ABOUT THIS TASK>
Could you output each line below precisely as it stands, without the images?
==== PROVIDED DATA
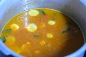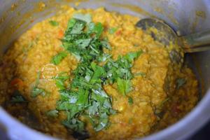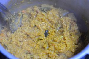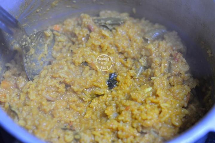 Pressure cook for 5-6 whistles on medium flame. The rice and dal should be cooked well without any water remaining.
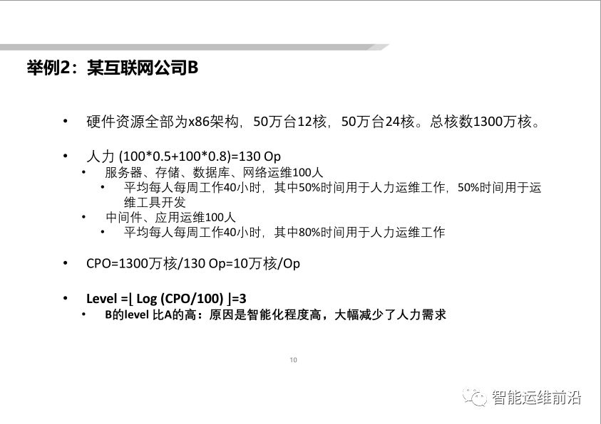互联网公司B(见下图)运维水准要比A高一些: 总核数同样是1300万,但是总人力核算下来只有130 Op,用相同方法计算下来是Level 3, 比A高一级,表示其智能化程度更高。从前两个例子里可以看出,同一类型的不同公司之间可以通过CPO和无人运维评级进行量化的横向比较。
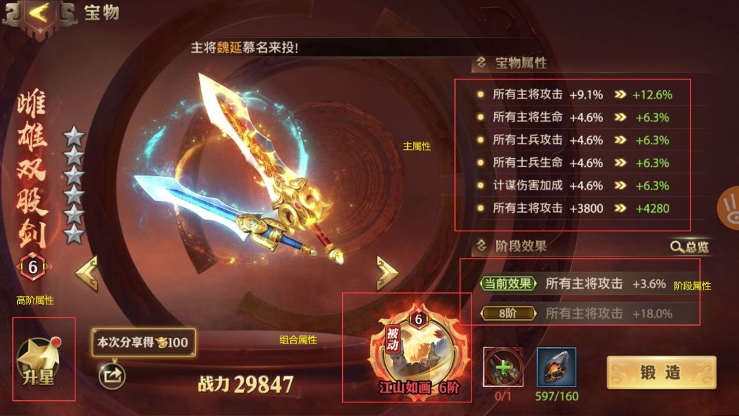 宝物技能强化推荐: 前言:大家都知道宝物技能激活后还可以通过锻造到更高阶段来提高其组合技能的阶段效果,今天就为大家盘点下一些宝物技能强化最高性价比的阶段。 【虎将天下】 基本属性:己方逐渐生命低于30%时,获得自身生命64%的护盾,每场战斗只能触发1次。 推荐阶段:8阶,额外提高目标主将30%的总攻击,持续15秒。 推荐理由:残血触发护盾的同时又获得了攻击力提升,绝对是翻盘的好机会,尤其配合一些自
========
OUTPUT FOR THIS EXERCISE>
 Pressure cook for 5-6 whistles on medium flame. The rice and dal should be cooked well without any water remaining.
互联网公司B(见下图)运维水准要比A高一些: 总核数同样是1300万,但是总人力核算下来只有130 Op,用相同方法计算下来是Level 3, 比A高一级,表示其智能化程度更高。从前两个例子里可以看出,同一类型的不同公司之间可以通过CPO和无人运维评级进行量化的横向比较。
 宝物技能强化推荐: 前言:大家都知道宝物技能激活后还可以通过锻造到更高阶段来提高其组合技能的阶段效果,今天就为大家盘点下一些宝物技能强化最高性价比的阶段。 【虎将天下】 基本属性:己方逐渐生命低于30%时,获得自身生命64%的护盾,每场战斗只能触发1次。 推荐阶段:8阶,额外提高目标主将30%的总攻击,持续15秒。 推荐理由:残血触发护盾的同时又获得了攻击力提升,绝对是翻盘的好机会,尤其配合一些自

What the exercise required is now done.